Eine Terminübersicht findet sich hier und hier.
feminismen diskutieren am Montag, 23. März 2026, 18:00 Uhr
Psychotherapie zwischen Reform und Realität
mit Jasmin Reiter (Wirtschafts- und Sozialwissenschafterin, Wien)
Psychische Gesundheit ist ein zunehmend zentrales Thema im öffentlichen Gesundheitsdiskurs. Die psychotherapeutische Versorgung zeigt sich dabei als reguliertes, biopolitisch gerahmtes und hegemonial umkämpftes Feld. Trotz mehrerer Gesundheitsreformen in den vergangenen Jahren bestehen in Österreich weiterhin strukturelle Defizite, die den Zugang zu psychotherapeutischer Versorgung, die regionale Versorgungsgerechtigkeit sowie die Einbindung psychotherapeutischer Fachkräfte in das Gesundheitssystem nachhaltig beeinflussen.
Moderation: Sabine Prokop (VfW)
Ort: Frauenhetz, Untere Weißgerberstraße 41, 1030 Wien
Vortrag auch per Zoom bei Anmeldung bis Montag, 23. März, 12:00 Uhr an pr@frauenhetz.at
In Kooperation mit dem Verband feministischer Wissenschafteri*nnen (VfW)
Offen für alle
Vortrag am Donnerstag, 19. März 2026, 18:00 Uhr
„… den Frieden auf der Welt, wo er nicht herrsche, endlich aufzubauen.“ Margarete Schütte-Lihotzky und ihre Arbeit in der Friedensbewegung
Mit Christine Zwingl (Architektin, MSL- Expertin, Gründerin des MSL Zentrums)
Ab der Gründung war die Architektin Margarete Schütte-Lihotzky Mitglied des Österreichischen Friedensrates und beteiligt am 1. österreichischen Friedenskongress, der im Juni 1950 im Wiener Konzerthaus stattfand. Ab 1975 war sie im Vorstand des österreichischen Komitees für europäische Sicherheit und Zusammenarbeit (KSZE). Bis in die 1990 Jahre blieb sie beteiligt und engagiert.
Fortsetzung der Reihe Frauen verstehen viel vom Frieden! Feministische Perspektiven und Gegenstrategien zu Militarismus und Krieg.
Moderation: Birge Krondorfer
Ort: Frauenhetz, Untere Weißgerberstraße 41, 1030 Wien
In Kooperation mit WILPF
Offen für Frauen.
Sonntag, 8. März
Bezirksmuseum Mariahilf, Mollardgasse 8
10.30 – 11.00 Uhr
Petra Unger, MA : „Wir wollen Friede, Freiheit, Recht!“
Nicht mehr und nicht weniger fordern Frauen* weltweit.
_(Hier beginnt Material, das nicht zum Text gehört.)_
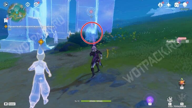 Следуйте за призрачным мужчиной. Как только он поравняется с руинами, воздействуйте на колонну клавишей особого действия «T», чтобы создать энергетический барьер.
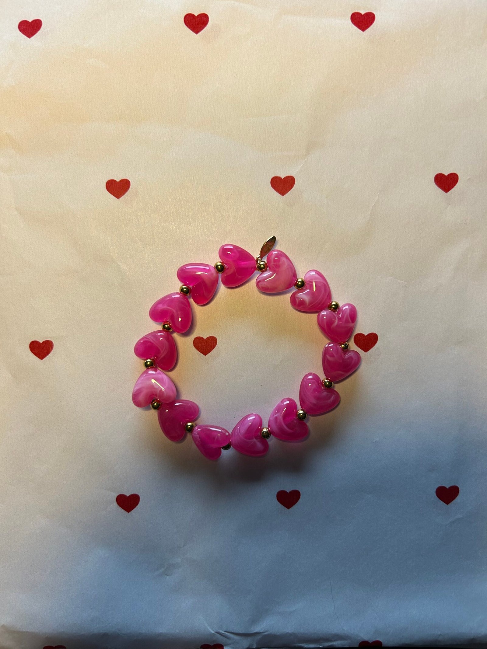 Deze roze hartjes armband is echt zo’n armbandje dat meteen opvalt door de vrolijke kleur en de lieve uitstraling. De glanzende hartjes worden afgewisseld met kleine goudkleurige kraaltjes, waardoor het geheel een speelse en warme look krijgt. Perfect om je outfit net dat beetje extra kleur te geven.

In Solidarität zueinander und im Kampf gegen die Zumutungen des Patriarchats.
Damals wie heute.
Eine Lesung zu den Pionierinnen* und für die heutigen Frauen* aller Welten.
Von Petra Unger, Begründerin der Wiener Frauen*Spaziergänge und Expertin für feministische Forschung
11.30 – 12.30 Uhr
WIRWIENERWÄSCHEWEIBER
Die Volkskundlerin Ulli Fuchs erzählt Wissenswertes über die Kulturgeschichte der Wiener Wasserversorgung. Anhand von ausgewählten Objekten des Bezirksmuseums werden die Arbeitsbedingungen und Lebensumstände der Wäscherinnen am Wienfluss beleuchtet.
Mittwoch, 25.2., 11:00 Uhr
1040 Wien, Gußhausstraße 14/Tür 3
Im Rahmen des Bundestags des ZVPÖ-Zentralverband der PensionistInnen Österreichs
Vortrag Prof.in Helga Kromp-Kolb „Die ältere Generation und der Klimawandel – Welche Folgen hat der Klimawandel für ältere Menschen und wie können sie sich vor den Gefahren schützen?“
Helga Kromp-Kolb ist emeritierte Universitätsprofessorin für Meteorologie und Klimatologie an der Universität für Bodenkultur, Wien, wo sie auch das Zentrum für Globalen Wandel und Nachhaltigkeit gründete und leitete. Sie befasst sich mit Fragen der Schadstoffausbreitung in der Atmosphäre, des Klimawandels, der nachhaltigen Entwicklung, der Transformation der Gesellschaft, der Bildung für nachhaltige Entwicklung und dem notwendigen Paradigmenwechsel in Wissenschaft und Gesellschaft. Sie ist Präsidentin des Forums Wissenschaft und Umwelt und in der Friedensbewegung engagiert.